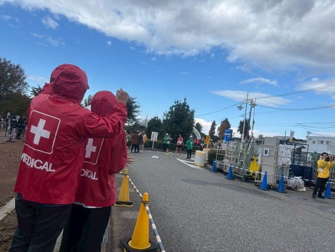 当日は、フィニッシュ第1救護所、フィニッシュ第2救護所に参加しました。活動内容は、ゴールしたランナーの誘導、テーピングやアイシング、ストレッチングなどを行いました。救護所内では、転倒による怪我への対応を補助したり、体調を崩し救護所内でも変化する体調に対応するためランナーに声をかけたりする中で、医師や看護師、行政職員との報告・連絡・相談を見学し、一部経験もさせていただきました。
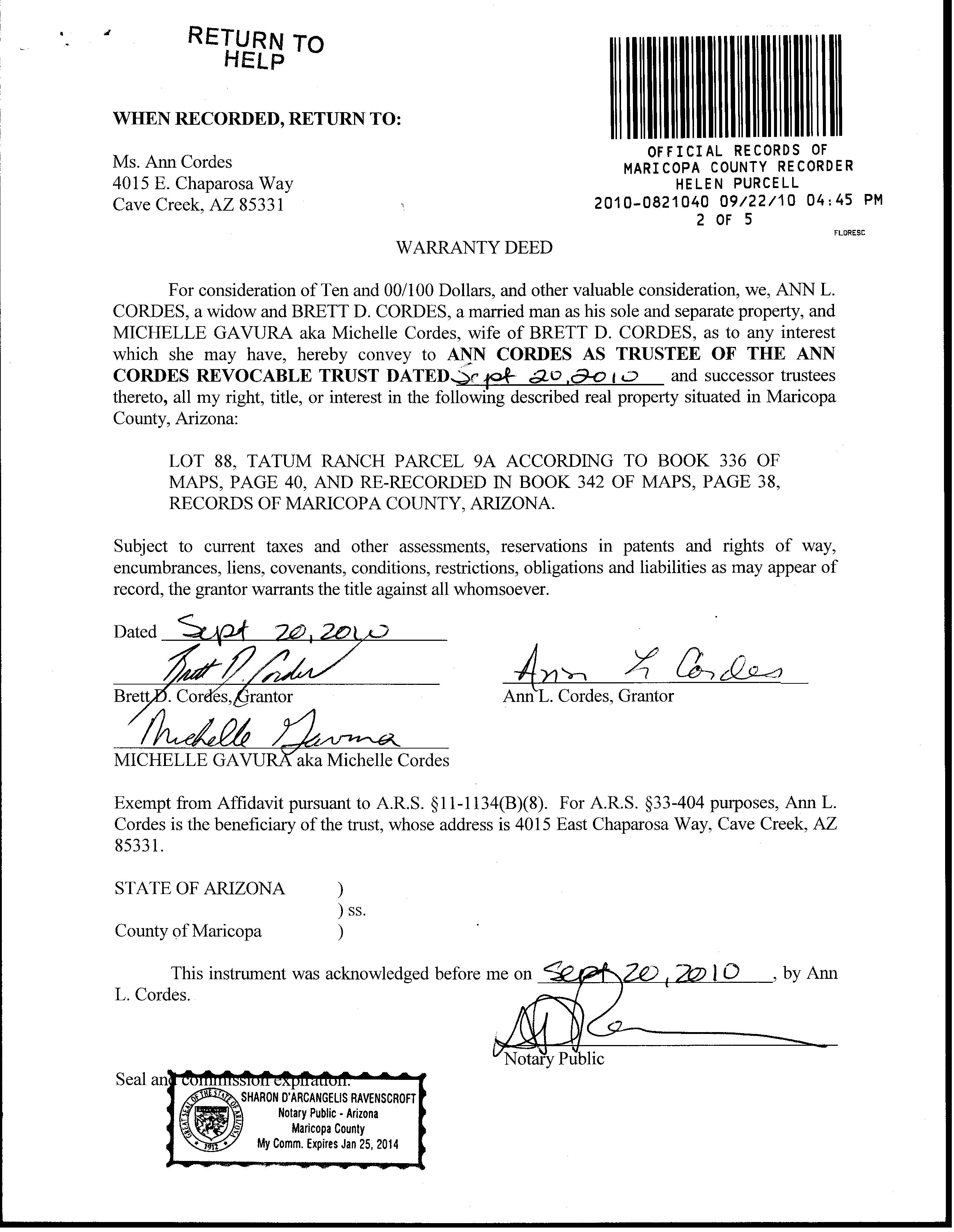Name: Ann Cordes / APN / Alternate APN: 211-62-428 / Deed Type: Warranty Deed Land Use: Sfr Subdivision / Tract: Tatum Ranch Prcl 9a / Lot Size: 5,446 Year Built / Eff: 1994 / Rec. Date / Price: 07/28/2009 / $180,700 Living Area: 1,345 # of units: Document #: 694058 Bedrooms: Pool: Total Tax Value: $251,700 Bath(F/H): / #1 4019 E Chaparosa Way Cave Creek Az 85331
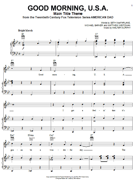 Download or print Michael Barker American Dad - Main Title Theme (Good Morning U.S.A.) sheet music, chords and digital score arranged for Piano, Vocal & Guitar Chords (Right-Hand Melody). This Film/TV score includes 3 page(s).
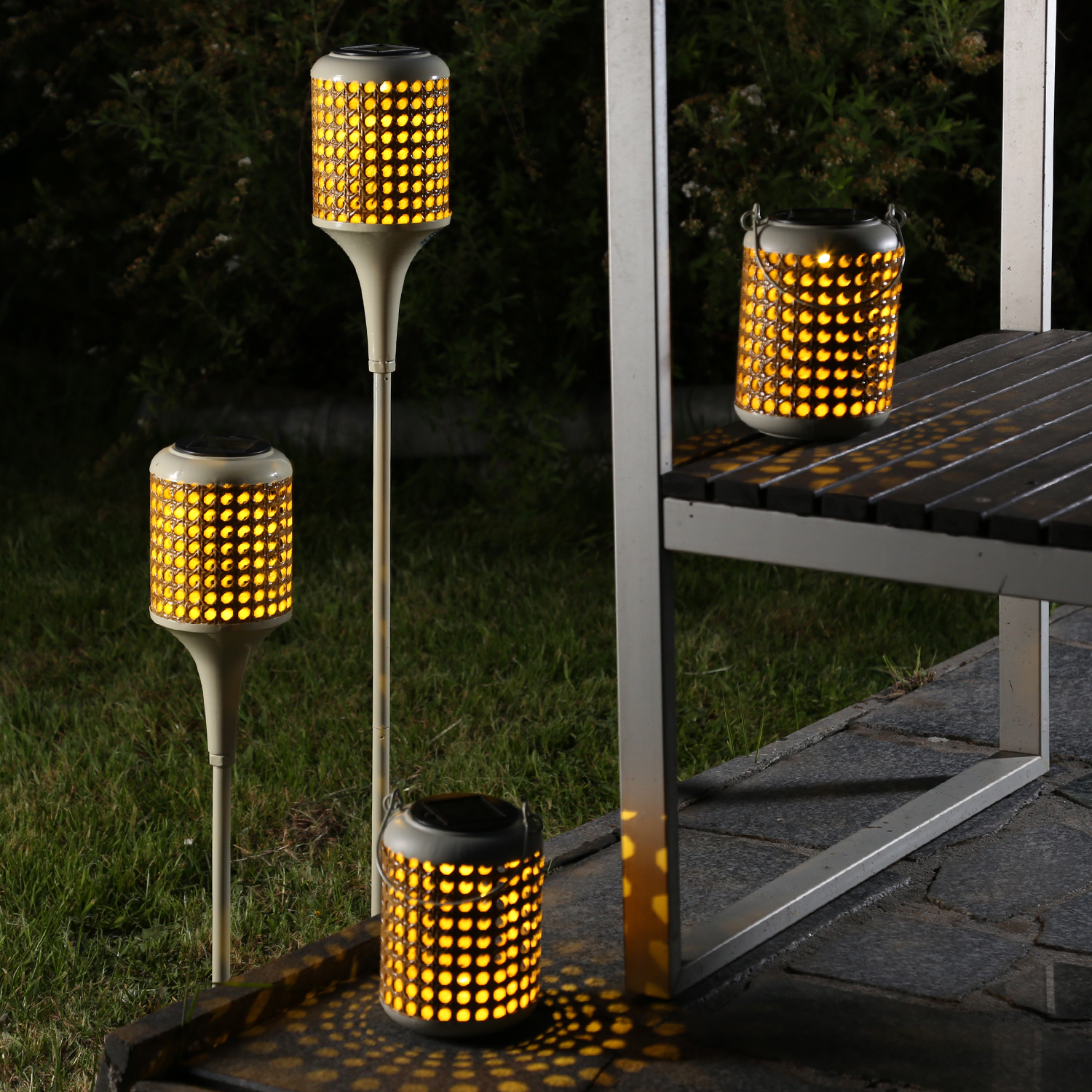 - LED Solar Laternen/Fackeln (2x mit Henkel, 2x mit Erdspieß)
********************
Where the line holding "Name: Ann Cordes" appears, start copying, and continue exactly through the last line of the listing, both ends included, skipping the pictures.

Name: Ann Cordes / APN / Alternate APN: 211-62-428 / Deed Type: Warranty Deed Land Use: Sfr Subdivision / Tract: Tatum Ranch Prcl 9a / Lot Size: 5,446 Year Built / Eff: 1994 / Rec. Date / Price: 07/28/2009 / $180,700 Living Area: 1,345 # of units: Document #: 694058 Bedrooms: Pool: Total Tax Value: $251,700 Bath(F/H): / #1 4019 E Chaparosa Way Cave Creek Az 85331
 Download or print Michael Barker American Dad - Main Title Theme (Good Morning U.S.A.) sheet music, chords and digital score arranged for Piano, Vocal & Guitar Chords (Right-Hand Melody). This Film/TV score includes 3 page(s).
 - LED Solar Laternen/Fackeln (2x mit Henkel, 2x mit Erdspieß)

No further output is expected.